“That’s one of the few things I’ve never been,” he replied. “No; I’m not a doctor. One of these days I’ll tell you all about myself.” He spoke as if our sudden acquaintance would ripen into life-long friendship. “There’s the hotel—the Hôtel Saint-Louis,” he pointed to the sign a little way up the narrow, old-world, cobble-paved street we were entering. “Leave it to me; I’ll see that they treat you properly.”
The car drew up at the doorway. My electric friend leaped out and met the emerging landlady.
“Bonjour, madame. I’ve brought you one of my very good friends, an English gentleman of the most high importance. He will have déjeuner—tout ce qu’il y a de mieux. None of your cabbage-soup and eels and andouilles, but a good omelette, some fresh fish, and a bit of very tender meat. Will that suit you?” he asked, turning to me.

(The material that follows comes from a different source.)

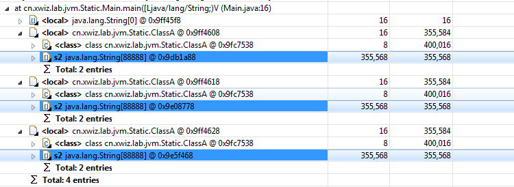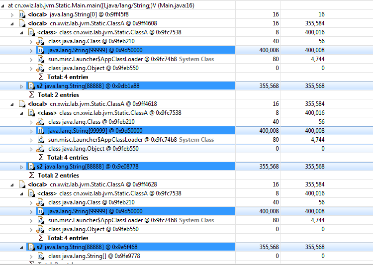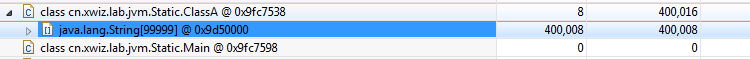 但是三个实例并没有列出那个99999的字符串数组。它肯定不再heap堆中,因为它在方法区中。注意看cn.xwiz.lab.jvm.Static.ClassA前面的”class”标识字符。

“Excellently,” said I, smiling. “And since you’ve ordered me so charming a déjeuner, perhaps you’ll do me the honour of helping me to eat it?”
“With the very greatest pleasure,” said he, without a second’s hesitation.
We entered the small, stuffy dining-room, where a dingy waiter, with a dingier smile, showed us to a small table by the window. At the long table in the middle of the room sat the half-dozen frequenters of the house, their napkins tucked under their chins, eating in gloomy silence a dreary meal of the kind my new friend had deprecated.
“What shall we drink?” I asked, regarding with some disfavour the thin red and white wines in the decanters.
“Anything,” said he, “but this piquette du pays. It tastes like a mixture of sea-water and vinegar. It produces the look of patient suffering that you see on those gentlemen’s faces. You, who are not used to it, had better not venture. It would excoriate your throat. It would dislocate your pancreas. It would play the very devil with you. Adolphe”—he beckoned the waiter—“there’s a little white wine of the Côtes du Rhone——” He glanced at me.
“I’m in your hands,” said I.
As far as eating and drinking went I could not have been in better. Nor could anyone desire a more entertaining chance companion of travel. That he had thrust himself upon me in the most brazen manner and taken complete possession of me there could be no doubt. But it had all been done in the most irresistibly charming manner in the world. One entirely forgot the impudence of the fellow. I have since discovered that he did not lay himself out to be agreeable. The flow of talk and anecdote, the bright laughter that lit up a little joke, making it appear a very brilliant joke indeed, were all spontaneous. He was a man, too, of some cultivation. He knew France thoroughly, England pretty well; he had a discriminating taste in architecture, and waxed poetical over the beauties of Nature.